A Moon of Saturn Has a Sea, Scientists Say - sheri
http://www.nytimes.com/2014/04/04/science/space/a-moon-of-saturn-has-a-sea-scientists-say.html?hp&_r=0
======
netcan
The last paragraph is good writing.

 _The challenges are to make sure that the interesting particles would not
break apart, to take precautions that any alien life would not infect Earth,
and to fit it into the $500 million budget of one of NASA’s lower-cost
planetary missions._

It frames it all beautifully. Engineering feats solving problems you don't
quite understand. Sci fi potential.
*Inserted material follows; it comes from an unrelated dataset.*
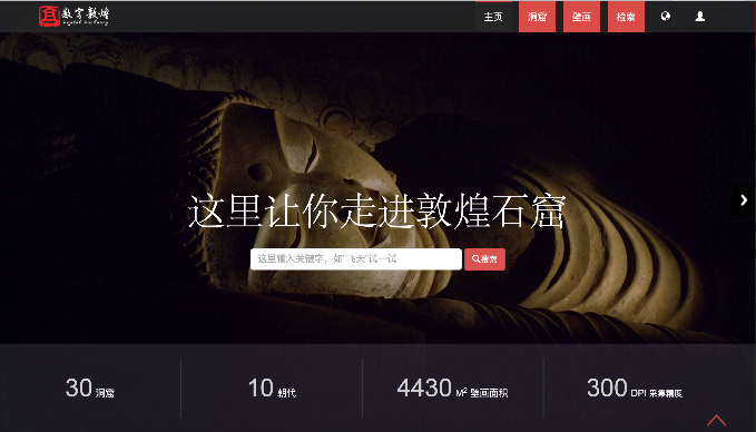 图为“数字敦煌”官网首页及“全景漫游”页面

Budgetary drudgery.

------
danieltillett
If there is an sea on Enceladus then there will already be microbial life
there [0]. Microbes can survive for ages in space [1] and there are plenty of
rocks moving from the earth and all of the other planets and moons of the
solar system [0,2].

One of the more interesting stories about microbes in space is that some
survived on the moon for almost three years inside a camera [3]. It is not
100% certain that the microbes cultured were not from later contamination, but
I know from working with them that microbes are really tough and I can believe
that they could have survived!

[0]
[http://users.tpg.com.au/horsts/transpermia.html](http://users.tpg.com.au/horsts/transpermia.html)

[1]
[http://www.ncbi.nlm.nih.gov/pubmed/19854226](http://www.ncbi.nlm.nih.gov/pubmed/19854226)

[2]
[http://en.wikipedia.org/wiki/Panspermia](http://en.wikipedia.org/wiki/Panspermia)

[3]
[http://en.wikipedia.org/wiki/Reports_of_Streptococcus_mitis_...](http://en.wikipedia.org/wiki/Reports_of_Streptococcus_mitis_on_the_Moon)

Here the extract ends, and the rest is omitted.